A world-renowned tropical geographer, Stoddart spent his professional life teaching and serving as the geography department chair at UC Berkeley as well as researching geomorphology (the study of the evolution of topographic features), ecology and the history of geography.

According to Paul Starrs, a former student of Stoddart’s and a professor of geography and the University of Nevada at Reno, Stoddart spent a lot of time researching the evolution of coral atolls and the relationship between tropical-area inhabitants and their environment.

“It was always a great source of pride that he did a lot of work on coral,” Starrs said. “One of the people that did that before him was Charles Darwin, and he saw himself very much in (Darwin).”

Stoddart came to UC Berkeley to serve as professor and chair of the geography department in 1988. Richard Walker, a professor emeritus of geography at UC Berkeley, said that during that time, the department was deeply divided and Stoddart was brought in to revive it.
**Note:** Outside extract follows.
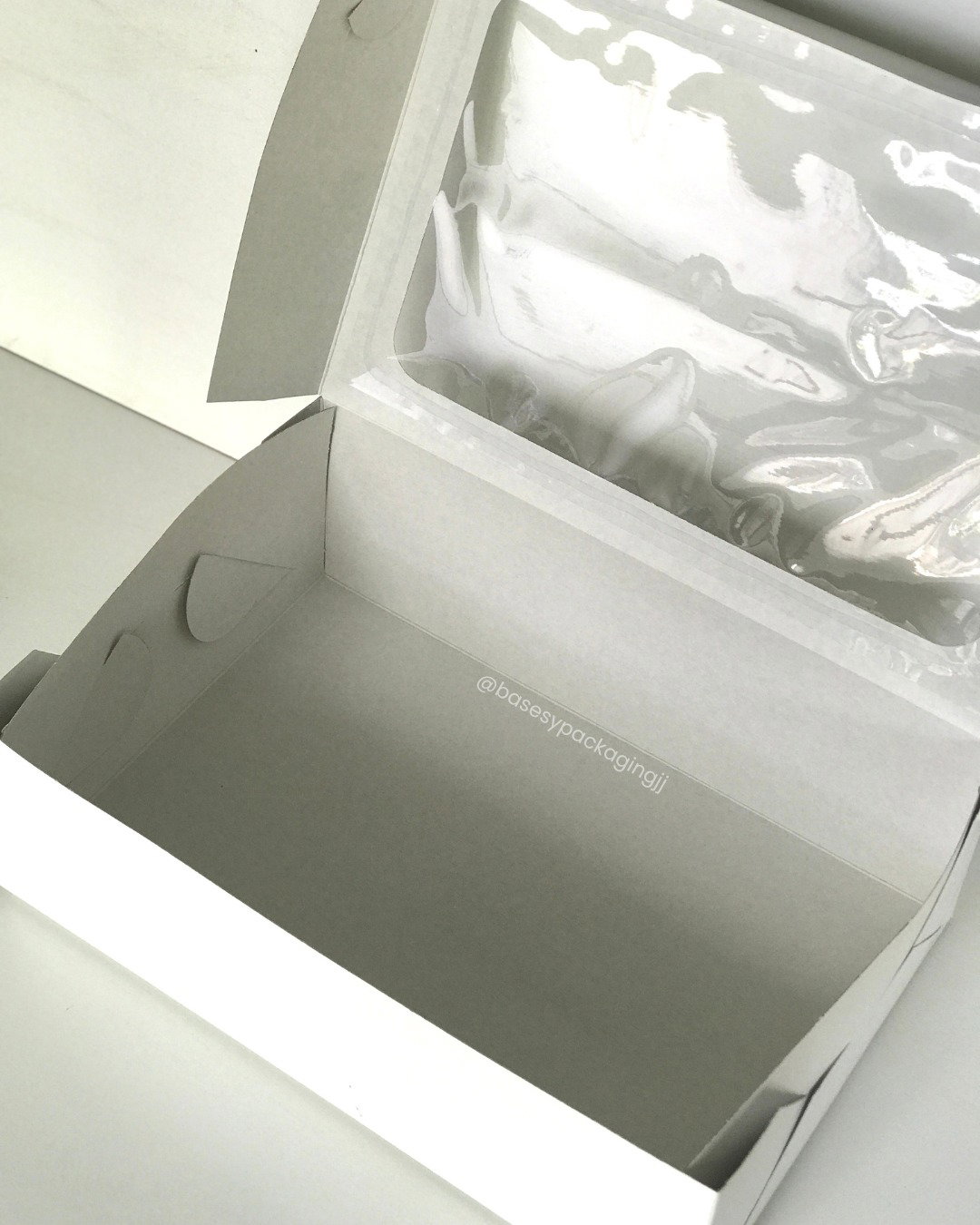 Cajas de cartulina blanca con visor para mini desayunos, porciones..

During his time as chair, Stoddart increased the diversity of the department, hiring the only two women on staff. He also encouraged fieldwork, which was a large part of his career, for graduate students.

“He was capable of doing archival research, spending a lot of time reading and in the library, but the basis of his life was being out in the field,” said UC Berkeley alumnus Wayne Bernhardson, whose dissertation was read by Stoddart.

Before arriving in Berkeley, Stoddart was a member of the geography department at Cambridge University. In 1979, he was named an officer of the Order of the British Empire by Queen Elizabeth II. Starrs said Stoddart received this ranking due to his work in halting the United Kingdom from building an air base on the Aldabra Atoll in the Western Indian Ocean. Such an air base would have harmed the more than 150,000 giant tortoises living on the atoll at the time.

During the ceremony, Stoddart was seated near the queen, and she asked him why he was being named officer. According to Starrs, Stoddart told her he saved the tortoises of Aldabra.

“It was typical of David that he would end up next to the queen and that he would have a response that was so great,” he said.

Bernhardson remembers Stoddart as outgoing, helpful and respectful.

“He had no prejudices in what was a very politicized environment,” he said. “Stoddart wanted everybody to be successful despite whether they liked his opinions or not.”

Stoddart is survived by his wife, two children and a granddaughter.